我将ID和标签放入字典中,字典具有以下输出:
partition: {'train': ['id-1','id-2','id-3',...], 'validation': ['id-7','id-14','id-21',...]}
labels: {'id-0': [1, 0, 0, 1, 0, 0, 0, 0, 1, 1, 0, 0, 0, 0, 0, 0, 0, 0, 0, 0, 1],
'id-1': [1, 0, 0, 1, 0, 0, 0, 0, 1, 1, 0, 0, 0, 0, 0, 0, 0, 0, 0, 0, 1],
'id-2': [1, 0, 0, 1, 0, 0, 0, 0, 1, 1, 0, 0, 0, 0, 0, 0, 0, 0, 0, 0, 1],
...}
我还有一个文件夹,每个图像都保存为一个npy文件,将由下面的自定义数据生成器获取:
import numpy as np
import keras
from keras.layers import *
from keras.models import Sequential
class DataGenerator(keras.utils.Sequence):
'Generates data for Keras'
def __init__(self, list_IDs, labels, batch_size=32, dim=(224,224), n_channels=3,
n_classes=21, shuffle=True):
'Initialization'
self.dim = dim
self.batch_size = batch_size
self.labels = labels
self.list_IDs = list_IDs
self.n_channels = n_channels
self.n_classes = n_classes
self.shuffle = shuffle
self.on_epoch_end()
def __len__(self):
'Denotes the number of batches per epoch'
return int(np.floor(len(self.list_IDs) / self.batch_size))

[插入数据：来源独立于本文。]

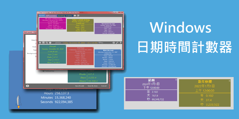 Date Time Counter日期時間計數器,免費的Windows電腦倒數計時日小工具。輸入重要的日子,計算距離該日子還有多少天?距離大考還有幾天?發薪水還有幾天?或者也能拿來計算已經過去的日子,結婚已經幾天了?出生已經幾天了?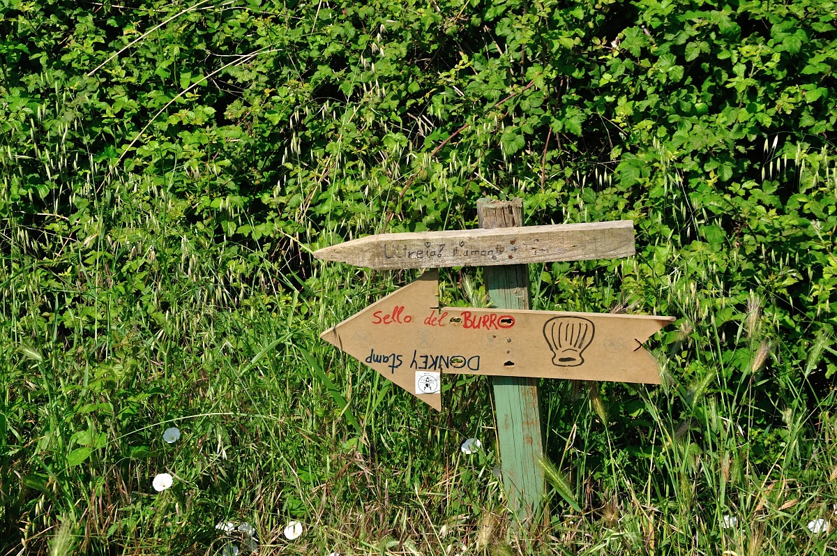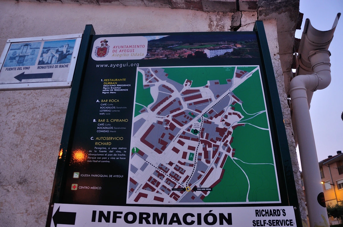 Estella 끝자락에 Ayegui 마을로 접어 들었다. 여기에는 순례길 표시물이 잘 보이지 않는다. 그러다보니 알베르게표시와 같이 있는 노란색 화살표를 따라가는 경우도 있고 그대로 직진해서 걷는 순례자도 있다. 고민끝에 주변을 둘러보니 마을 안내표시가 붙어 있어 확인해보니 어느길로 가도 상관없는 갈림길이다. 이곳 알베르게에서는 100km 인증서를 수여한다고 한다. 실제 지금까지 걸어온 거리는 120여 키로가 넘지만 론세스바예스를 기점으로하면 Ayegui가 100km되는 지점이라고 한다. 그래서 첫 100km 완주 인증서를 이곳에서 주어지는데 너무 이른시간에 나서다 보니 받을 수 있는 여건이 되지 않았다. 새벽에 나오면 좋은점이 시원하게 걸을 수 있는것이라면, 단점은 그외 경험에 있어 제한을 받는것이 많다라는 점이다.

def __getitem__(self, index):
'Generate one batch of data'
# Generate indexes of the batch
indexes = self.indexes[index*self.batch_size:(index+1)*self.batch_size]
# Find list of IDs
list_IDs_temp = [self.list_IDs[k] for k in indexes]
# Generate data
X, y = self.__data_generation(list_IDs_temp)
return X, y
def on_epoch_end(self):
'Updates indexes after each epoch'
self.indexes = np.arange(len(self.list_IDs))
if self.shuffle == True:
np.random.shuffle(self.indexes)
def __data_generation(self, list_IDs_temp):
'Generates data containing batch_size samples' # X : (n_samples, *dim, n_channels)
# Initialization
X = np.empty((self.batch_size, *self.dim, self.n_channels))
y = np.empty((self.batch_size), dtype=int)
# Generate data
for i, ID in enumerate(list_IDs_temp):
# Store sample
X[i,] = np.load('Folder with npy files/' + ID + '.npy')
# Store class
y[i] = self.labels[ID]
return X, keras.utils.to_categorical(y, num_classes=self.n_classes)
到目前为止,我的笔记本没有给我任何错误,但当我执行以下操作时:
model.compile(loss='categorical_crossentropy', optimizer='rmsprop', metrics=['accuracy'])
# Train model on dataset
model.fit_generator(generator=training_generator,
validation_data=validation_generator,
epochs=5,
use_multiprocessing=True,
workers=2)
我收到如下错误消息:
Filename label1 label2 label3 label4 ... ID
abc1.jpg 1 0 0 1 ... id-1
def2.jpg 1 0 0 1 ... id-2
ghi3.jpg 1 0 0 1 ... id-3
...
线程7中的异常:
回溯(最近一次呼叫最后一次):
文件“c:\users\sebas\appdata\local\programs\python\python36\lib\threading.py”,第916行,在\u bootstrap\u inner中
self.run()
文件“c:\users\sebas\appdata\local\programs\python\python36\lib\multiprocessing\reduce.py”,第60行,转储文件
ForkingPickler(文件、协议).dump(obj)
断管错误:[Errno 32]断管
感觉我传递或使用的数据有点不正确!?
如果有人有想法或提示如何更好地传递数据或解决此问题,我将不胜感激。即使是不同的方法也会很棒。提前感谢您的帮助。
use\u multiprocessing=True
在windows()上不受支持。删除该参数和workers
参数。谢谢,这至少消除了断管错误。现在我得到了一个不同的错误:ValueError:设置一个带有序列的数组元素。我猜我的数据传递不正确!?